### DIRECTIONS
Nothing but the lines from the one containing "S925 Sterling Silver" through the end of the data should be retyped, exactly as they stand, and pictures should not be retyped.

### RECORDED INFORMATION

┌────────

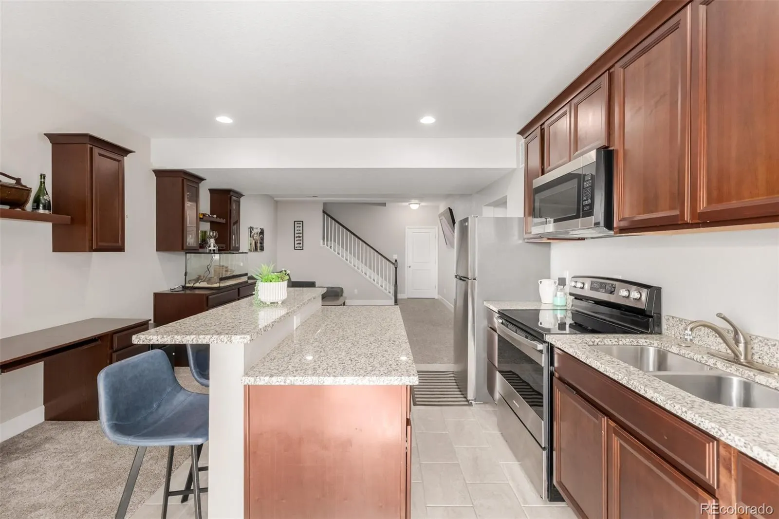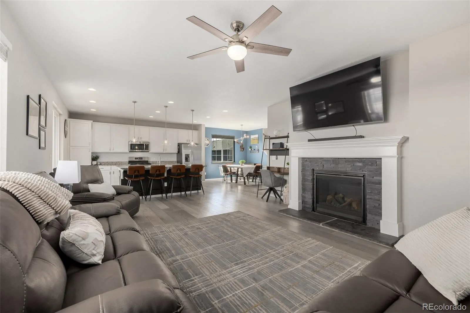 This welcoming residence carries a quiet confidence that feels both grounded and thoughtfully elevated. Set on a charming corner lot, gentle appeal draws the eye toward a covered front porch that invites slow moments watching the neighborhood move by. The home flows directly into the main living spaces, creating an immediate feeling of connection and warmth. The dining room sits comfortably alongside the kitchen and is filled with natural light. A sputnik style light fixture adds a note of personality + modern edge. The kitchen is timeless with white cabinetry, stainless appliances, elegant pendant lighting, undermount sink, and recessed lighting. The living area is spacious and bright, anchored by a iconic fireplace that naturally gathers the space. Upstairs, newly installed carpet brings a fresh comfortable feel to the private spaces. A dedicated laundry adds everyday convenience, while a flexible loft offers versatility. The primary suite is generous and light, with an inviting ensuite bath featuring spa-inspired finishes including an oversized shower, dual sinks, and a beautifully arranged walk-in closet. Two charming additional upper-level bedrooms are well proportioned. The fully finished walkout basement expands the home in a meaningful way. With a private entrance, full second kitchen, living area, bedroom + bath, and dedicated laundry, the lower level is ideal for multigenerational living or flexible rental potential. A beautifully enclosed sunroom sits just off the kitchen and opens directly to the backyard, creating indoor/outdoor connection. A covered back deck offers a shaded perch to enjoy Colorado sunshine throughout the seasons. The backyard itself is quiet and nicely landscaped, offering room to relax or entertain alike. With a 2-car attached garage and a layout designed to adapt to many chapters of life, this residence blends traditional warmth with modern livability in a way that feels both intentional and enduring.
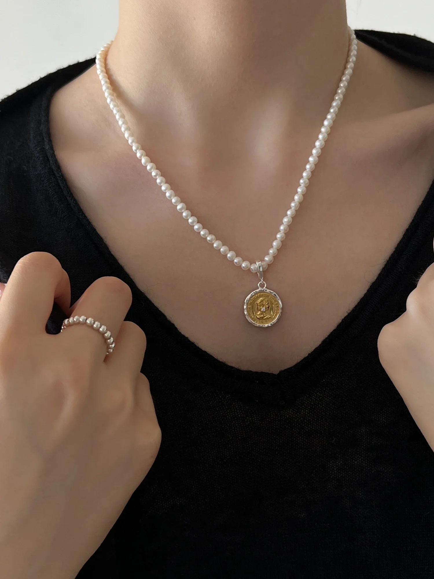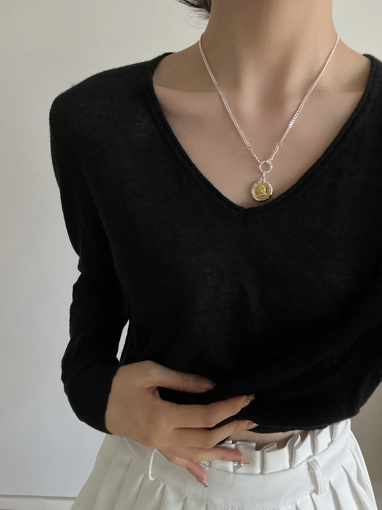 S925 Sterling Silver Necklace for Women Small Design Sense Ancient Coin Queen Statue Pendant Personalized Simple Collar Chain
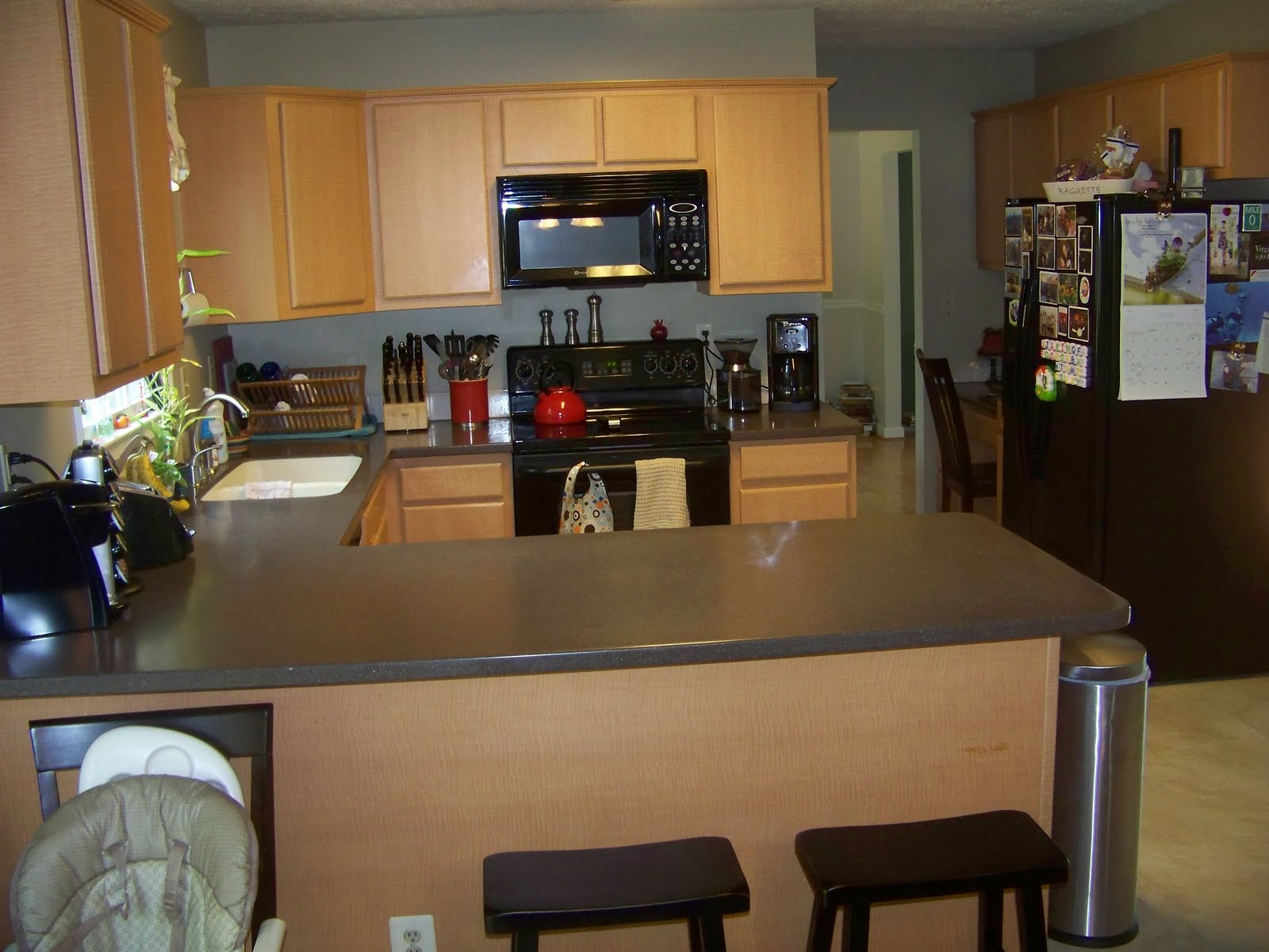 Annnnnd on to the kitchen, the center of the house. I love a lot of things about my new kitchen, but can I just say how much I ADORE these countertops. I do not miss the white, porous, show every knick and stain ones we left back at the Beach. These things are marvelous. And I'll let you in on a little secret about my cupboards and drawers, I have a few empty ones. Yeah, that's how much more space I have. Love it!!

└────────

### EXPECTED OUTPUT
 S925 Sterling Silver Necklace for Women Small Design Sense Ancient Coin Queen Statue Pendant Personalized Simple Collar Chain
 Annnnnd on to the kitchen, the center of the house. I love a lot of things about my new kitchen, but can I just say how much I ADORE these countertops. I do not miss the white, porous, show every knick and stain ones we left back at the Beach. These things are marvelous. And I'll let you in on a little secret about my cupboards and drawers, I have a few empty ones. Yeah, that's how much more space I have. Love it!!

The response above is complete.